There is a similar bug in CUDALink. It appears to be related to memory management of MTensor objects passed back to Mathematica from the CUDALink or OpenCLLink library. The problem, as far as I can tell, arises due to the LibraryFunction defined in OpenCLLink`Private`cGetMemory["Double"]
which specifies a shared return. This means that the library will keep ownership of the returned MTensor until it is explicitly disowned. Presumably there is a bug in the library code so that it never disowns the MTensor and the memory is never freed.

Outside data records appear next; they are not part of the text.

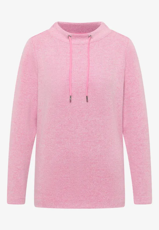 Cecil Dames Gemêleerd geribd overhemd met trechtervormige hals in Roze, Gr: M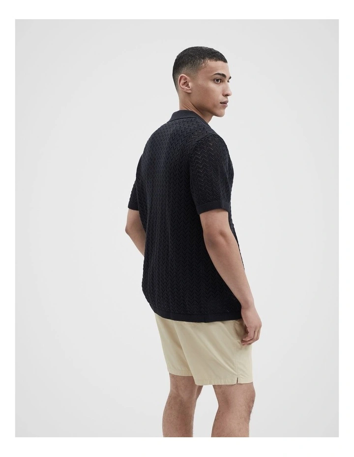 Chevron Button Thru Knit Shirt in Navy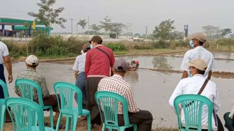 ဝေါမြို့နယ်၌ လက်ကိုင်ရှည် လက်တွန်းထွန်စက် လူထိုင်စီး၍ သမန်းမွှေကိရိယာဖြင့် ထွန်ယက်ခြင်း သရုပ်ပြပွဲကျင်းပ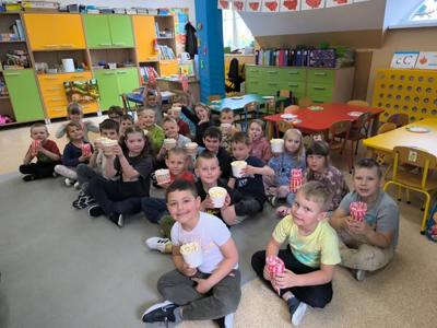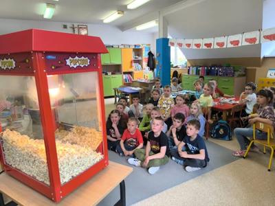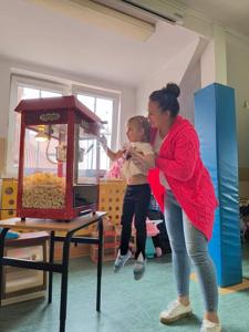 Dziś przedszkolaków spotkała miła niespodzianka. Dzieci miały okazję zjeść popcorn zrobiony w prawdziwej maszynie i obejrzeć bajkę. Przez chwilę poczuliśmy się jak w kinie. Dzieciom popcorn bardzo smakował i wielu z nich chciało dokładkę. Wszyscy wyszli dziś z przedszkola z pełnym brzuchem i uśmiechniętą buzią.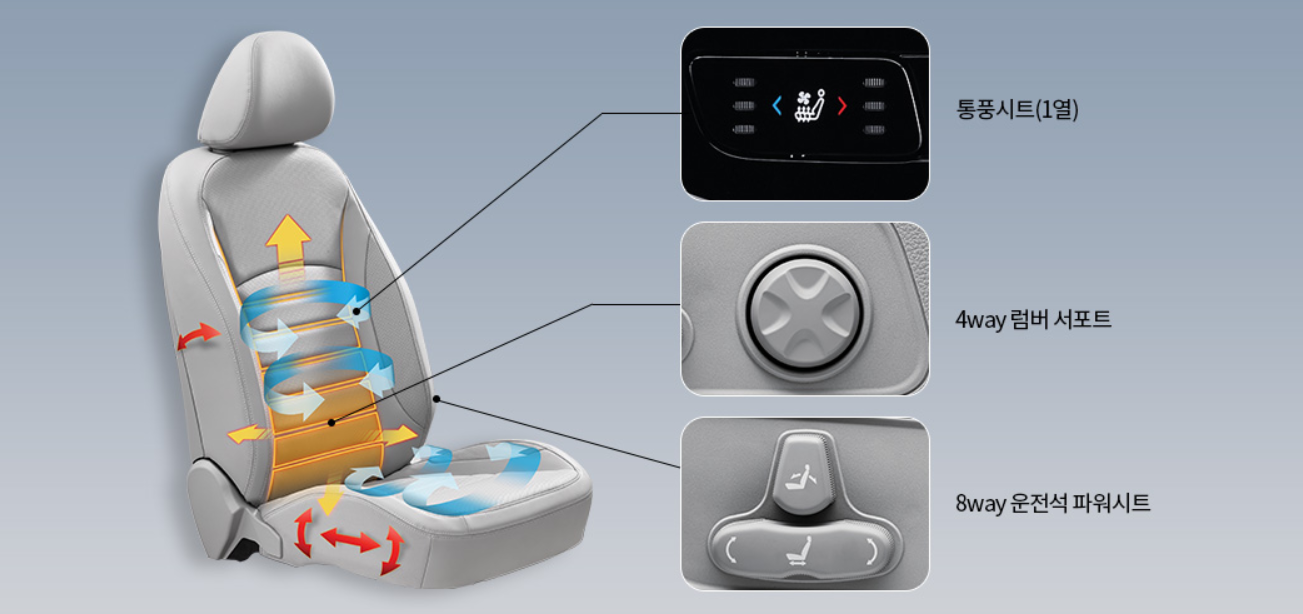 •편의 사양 : 운전석 8way 파워시트 & 운전석 4way 럼버서포트, 1열 통풍시트, 듀얼존 풀오토 에어컨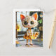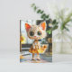 Ilustracion de un lindo gatito chica con falda y blusa amarillas, parado en una habitación luminosa. Ideal para el arte infantil, los temas de moda y la decoración.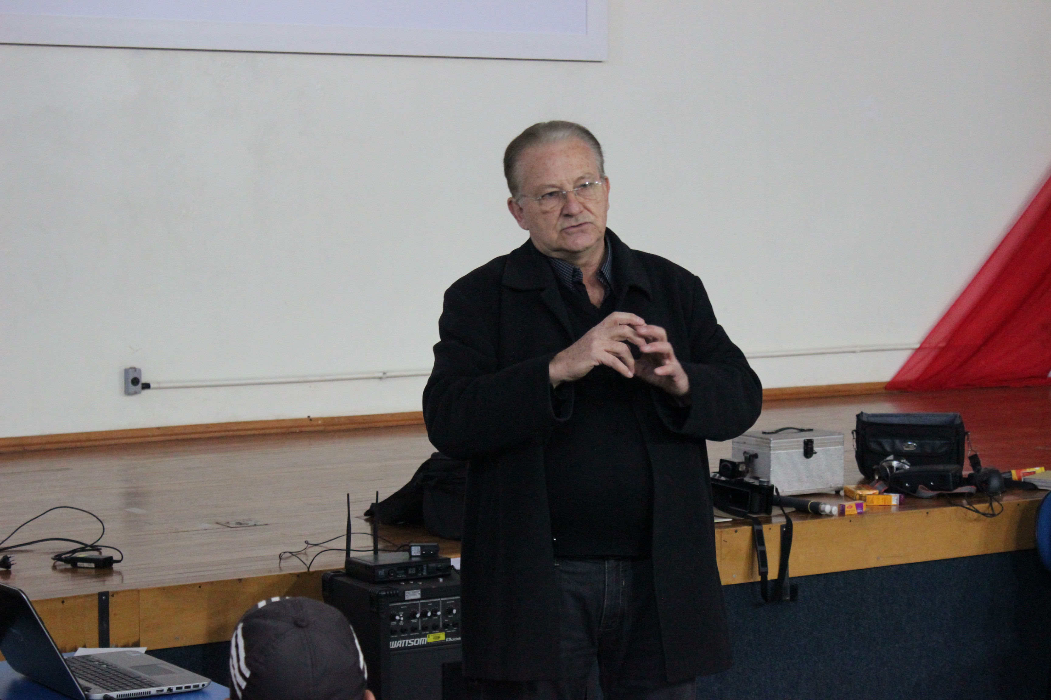 A palestra foi na manhã de quarta-feira, 08 de junho, no auditório da Instituição. Focados nas palavras, imagens e máquinas antigas apresentadas pelo convidado, como a “Mamute”, a maior câmera fotográfica do mundo (v. anexo), os alunos puderam, além de conhecer ou aprofundar seus conhecimentos, tirar dúvidas sobre a arte de fotografar. Luz, enquadramento, cenário, criatividade... tudo isso foi esmiuçado pelo grupo.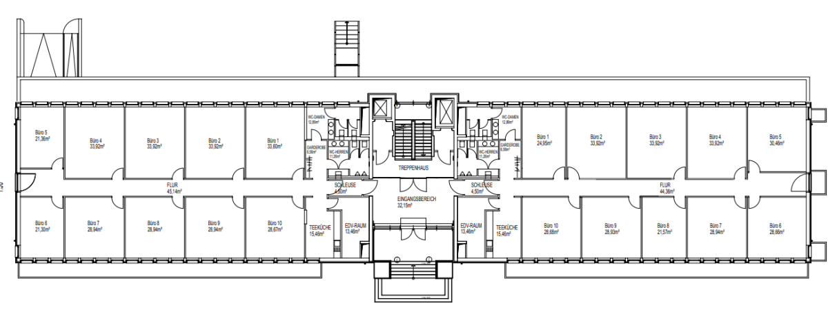 Die Konzeption des Gebäudes, welche stützenfrei funktioniert, lässt jegliche Raumkonzepte zu. Vom Open-Space bis hin zur Einzelverzimmerung können jegliche Ausbauten Mieterwunsch entsprechend realisiert werden.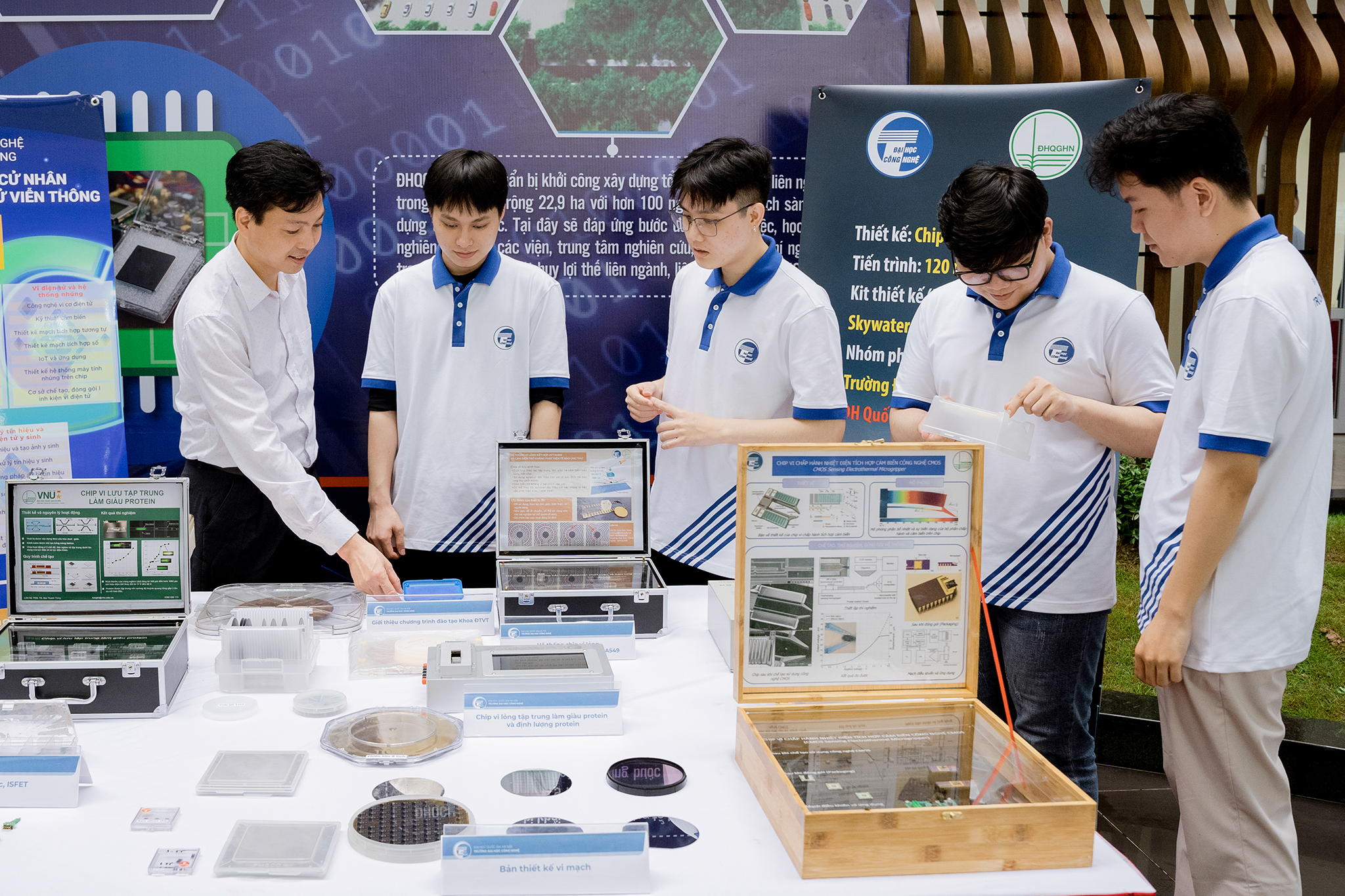 TS. Đinh Triều Dương giới thiệu các sản phẩm về chip bán dẫn với sinh viên trong khoa tại Triển lãm Công nghệ chip bán dẫn của ĐHQGHN năm 2023

My workaround is to unload the cGetMemory
function and then reload it, specifying automatic return instead of shared return. This should cause the library to lose ownership of the MTensor when it is returned to Mathematica, so the memory will be freed as soon as Mathematica has done with it.
Example:
Needs["OpenCLLink`"];
(* kernel memory grows by size of returned array on every call *)
Table[OpenCLMersenneTwister[100000]; MemoryInUse[], {5}] // Differences
(* {820520, 819352, 819352, 819352} *)
(* apply the fix *)
With[{func := OpenCLLink`Private`cGetMemory["Double"]},
Module[{args = List @@ func},
LibraryFunctionUnload[func];
func = LibraryFunctionLoad @@ Delete[args, {4, 3}]]];
(* kernel memory is now under control *)
Table[OpenCLMersenneTwister[100000]; MemoryInUse[], {5}] // Differences
(* {16, 16, 16, 16} *)
If your GPU is single precision only you probably need to use "Single" instead of "Double". To similarly patch CUDALink just put CUDALink
in place of OpenCLLink
.
I can't be certain that there aren't any nasty side effects to this workaround, as I don't understand LibraryLink very well, but I have used this fix on CUDALink and been able to run code for >24 hours, transferring tens of gigabytes from the GPU back to host memory without the Mathematica kernel running out of memory.